Information on gemstones from Tammy's Jewelry and Gem Box Gemological Information

Sugilite

The mineral sugilite was first described in 1976 by Murakami and his co-workers in the Mineralogical Journal of Japan, and was named in honour of the late Professor Kan-ichi Sugi. As first discovered the mineral consisted of brownish-yellow grains in an aegirine syenite from Iwagi Islet, Ehemi Prefecture, Japan. The mineral is hexagonal in structure, with hardness 6 on Mohs' scale, density 2.74 and refractive indices 1.607 for the extraordinary and 1.610 for the ordinary ray. In composition, sugilite is a complex silicate of alkali metals, iron, aluminium, etc. and contains water. In its composition, crystal structure and physical properties it closely resembles another rare mineral sogdianite (first described in 1968) with which it has in fact been confused. Sogdianite, however, contains essential zirconium and has a rather higher density (2.82-2.90).

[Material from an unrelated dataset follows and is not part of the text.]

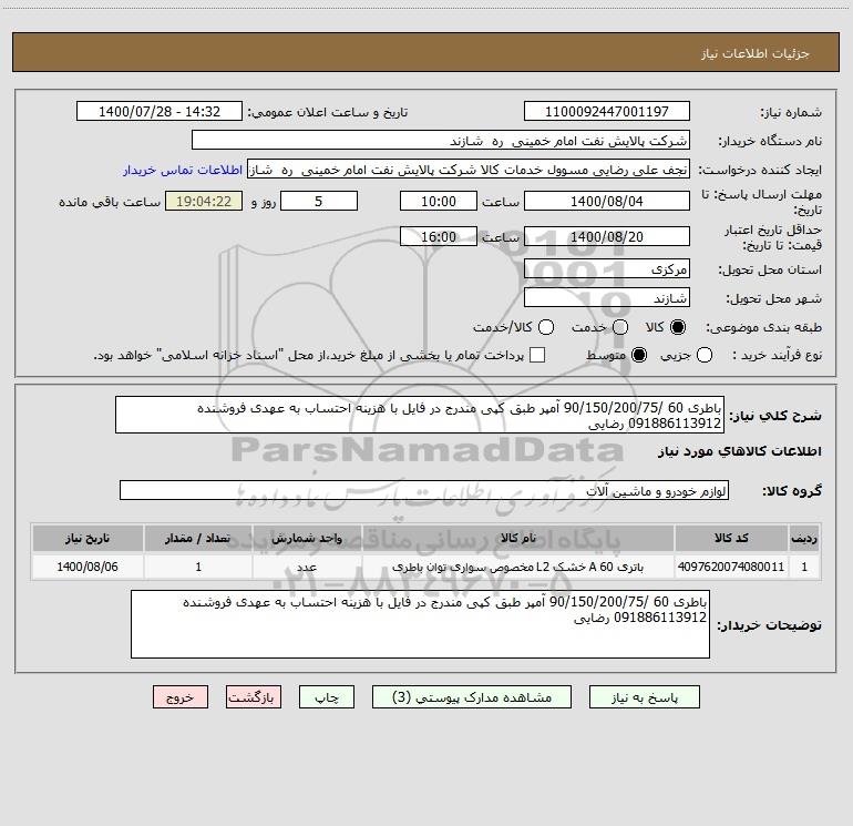 توضیحات خریدار:باطری 60 /90/150/200/75 آمپر طبق کپی مندرج در فایل با هزینه احتساب به عهدی فروشنده 091886113912 رضایی
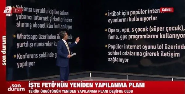 Örgütün elebaşından gelen emir üzerine FETÖ Türkiye'de yeniden yapılanmaya çalışıyor. Örgüt kriptolu mesajlaşma programı ByLock üzerinden yapıyordu ancak şimdi sistemi değiştirdiler. Yabancı uyruklu kişiler adına yabancı internet şirketlerinden alınmış abonelikler üzerinden sağlıyor. WhatsApp üzerinden iletişimde yurt dışı numaralar kullanılıyor. Konferans şeklinde görüşmeler yapılıyor. İrtibat için popüler internet oyunları kullanıyorlar. Opera, VPN, s çocuk fama ve GPS programlarını kullanıyor. Popüler oyunlardan 'LOL' üzerinden sohbet odalarında konuşuyorlar.

The yellow-brown grains of sugilite as originally discovered had nothing to offer as a gem material, but more recently a very different and strikingly handsome manganoan form of the mineral has been recovered from the Wessel Mine, Hotazel, in the North Province of South Africa. Here the mineral is found in the form of a purple rock-like material of which 'Royal Azel' and 'Royal Lavulite' have proved the most popular. As an aid to the gemmologist in the identification of this manganoan form of sugilite by standard techniques the presence of three fairly sharp bands in the violet region at 4110, 4190 and 4370, due to manganese, should be mentioned. These bands were first recorded by R Dillman, and being at the violet end of the spectrum can. only successfully be observed by using a powerful beam of light which has passed through a good blue filter.